Chapter 1: Introduction
In this paper we are presenting a compare and contrast between Parsee diasporic writer Bapsi Sidhwa’s “Ice candy man” (1988) and Indo-Canadian film director Deepa Mehta’s Earth: 1947 which based on the same novel. The dominant themes of the novel are the themes of partition. Sidhwa’s “Ice candy man” written from the viewpoint of an eight year old girl, Lenny, shows human suffering in a society divided not only because of one’s religious affiliation but also gender. The narration shows that women’s bodies have historically become territory in which men act out their aggression.
Bapsi Sidhwa’s “Ice candy man” (1988) and Deepa Mahta’s Earth:1947 both focuses on woman’s narrative and her sense of the traumatic experiences, violence that women have suffered and the socio- political stance taken by women of different religious and economic background. In both the novel and the film it has been shown how during the time of partition women were doubly victimized they were the victim of the violence caused between Hindu and Muslims. Women were raped, killed, sold, tortured, forced to take prostitution betrayed by their friends and neighbor, the people whom they trust and depended on. But the same event that crumble all the relation of men and woman, the same event made the women of this novel united and shows form of resistance.
In this paper we have tried to look at violence: as an agent of separation at the same time as an agent of bonding and resistance.
This paper has conducted its queries through the lens of feminism and theories of deconstruction. The “rape metaphor “in particular has been taken from Sara Sulari’s essay “The Rhetoric of English India”.
We have used secondary sources such as journals, essays, and information found on different websites to form our argument.
Chapter Two: Comparative Reading
2.1 Violence and female body
Ice Candy Man and 1947: Earth shows how women’s bodies were used to victim and re victimize them. In both cases, a particular form of violence (rape) was inflicted on women not only to degrade them, but also to humiliate the community they belonged to. As result, they were abandoned by their own people as well, becoming victimized by both parties of the riot.
i. Ayah’s body as a symbol of the nation
Bapsi Sidhwa and Deepa mehta shows how women are dehumanized solely based on their body- both in love and chaos. In the novel, Lenny gives an account of how men –from beggars to holy men to British soldiers- gaze over Ayah’s beautiful body. This attention however, dehumanizes Ayah as a person and she is reduced into just a body. For this characteristics- Ayah’s body becomes a symbol of undivided India –luring both insiders and outsiders with its bounty of treasures.

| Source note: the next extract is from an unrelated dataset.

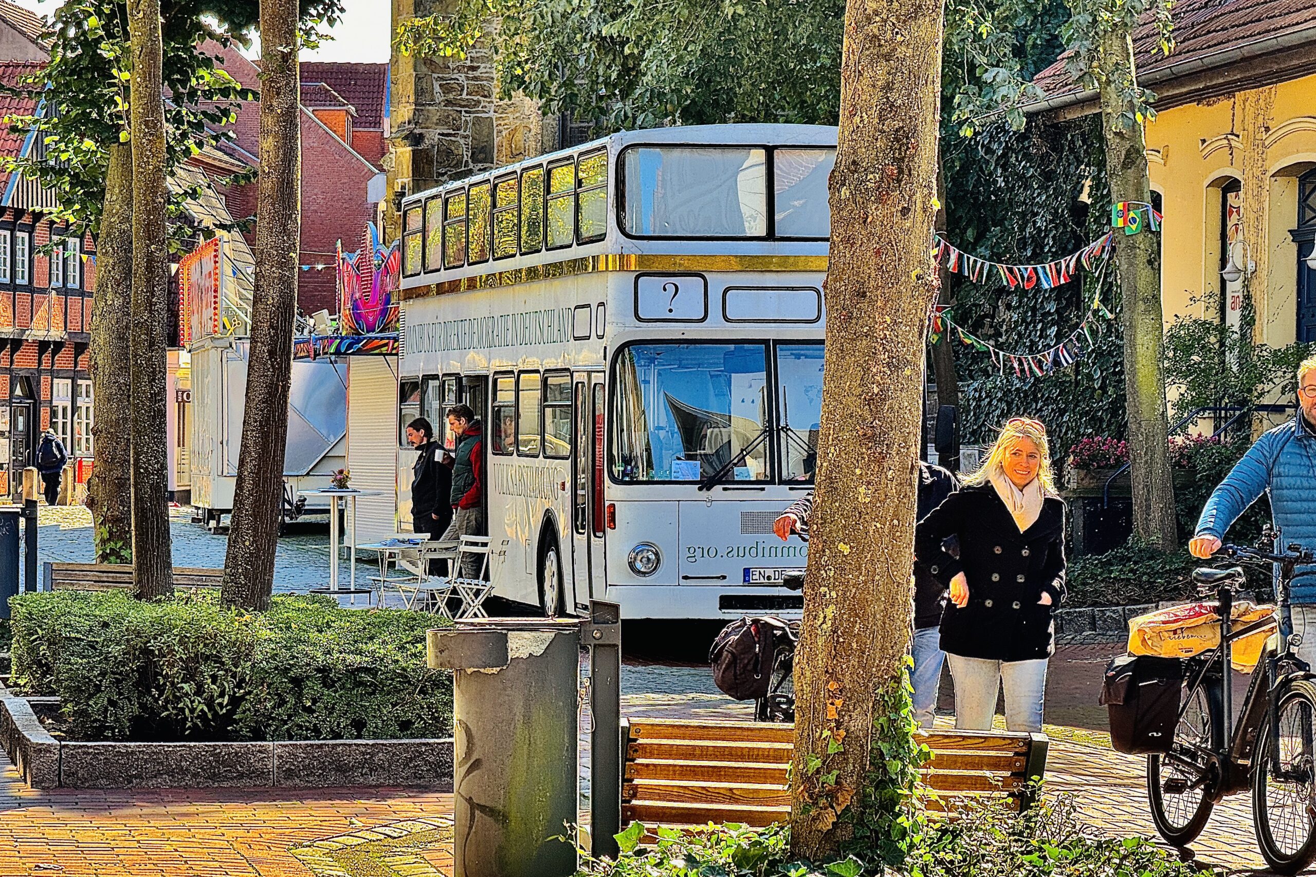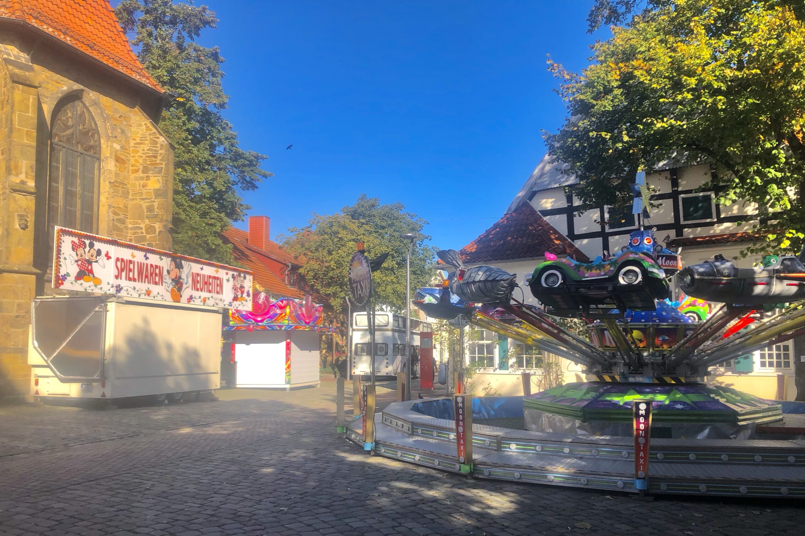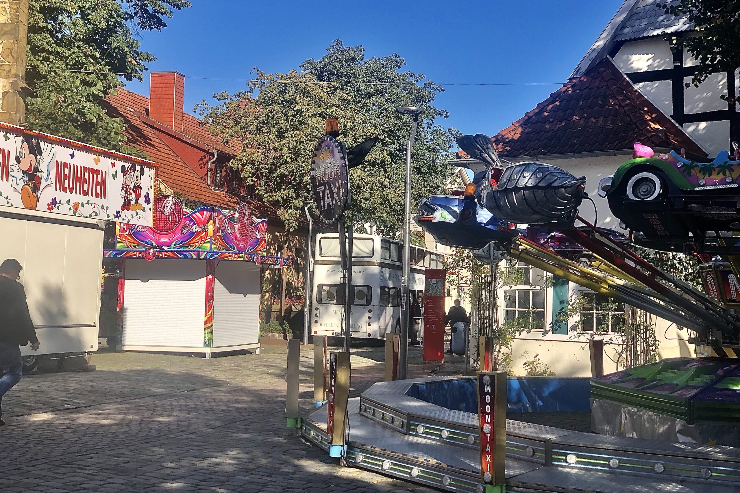 da gab es wieder eine abenteuerliche überraschung: die ganz enge altstadt und der platz, an dem wir stehen sollten, waren zugestellt mit einer kirmes – buden & fahrgeschäfte. die frau vom amt hat mir erklärt, daß sie übersehen hat, daß nicht beide „veranstaltungen“ gleichzeitig stattfinden können.
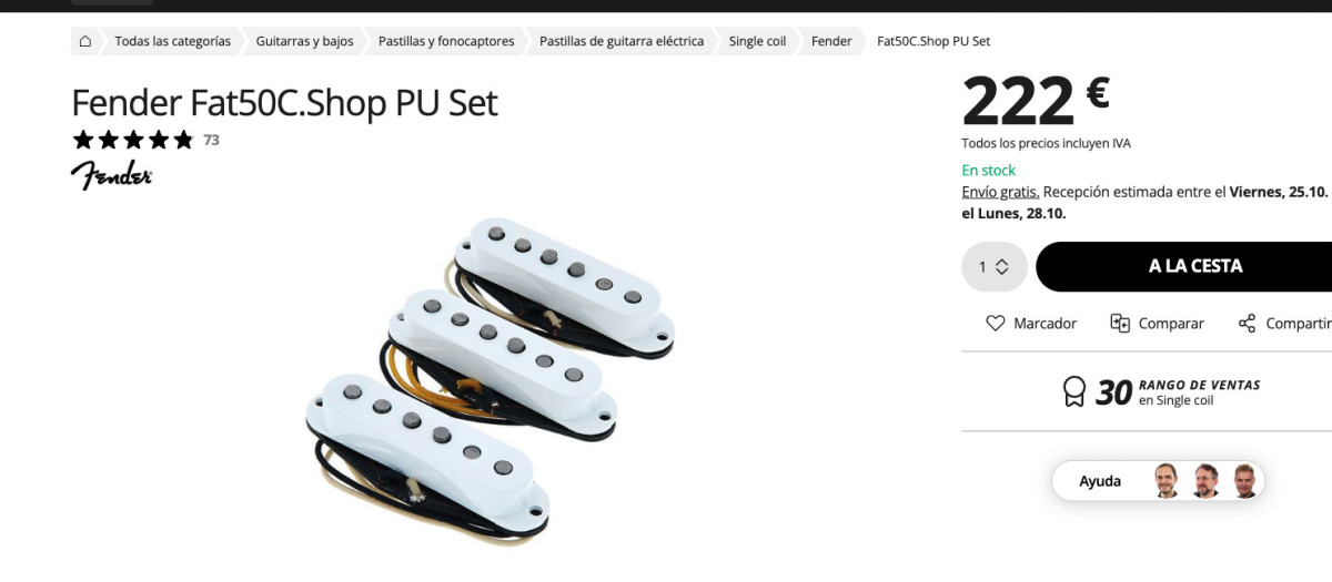 Este anuncio "Pastillas Fender Fat50 Custom Shop" está clasificado en la categoría Accesorios de guitarra.

In 1947: Earth, the greedy male gaze towards Ayah’s body and its symbolic connection to the physical territory of undivided India is beautifully captured at the park scene where male admirers from three different religious communities (hindu, muslim, shikh) sit circling around Ayah. Unconsciously, her sari slips from her chest, exposing her breasts partially (10:33). All the men at the scene are taken aback by this accidental wardrobe malfunction and they kept looking at her breasts with silent lust and desire. Ironically, these three communities fight for dominance over each other as well as possession of India tears the country apart.
Both the novel and the movie maintained Ice candy man’s contribution to ayah’s rape. However,the reasons that drove Ice candy man to betray the woman he loves/ once loved are portrayed from two different points of view. In 1947: Earth , Ice candy man was aware of Ayah and Masseurs mutual attraction. Despite that and her sisters’ horrible murder by Hindus- he proposes marriage-which she politely refuses. It’s after he accidentally (and quite voyeuristically) watches Ayah having sex with Masseur, he reaches his bursting point. Once another man marks his territory over her body by penetration- ayah loses her pedestal and stoops down to a fallen woman. Women’s worth was and still is measured, judged and persecuted by the exclusivity of her vagina in patriarchal societies like undivided India( in the now divided parts as well). This is the reason why he hands the woman he once loved to his frenzied brethren who drags her towards her impending doom.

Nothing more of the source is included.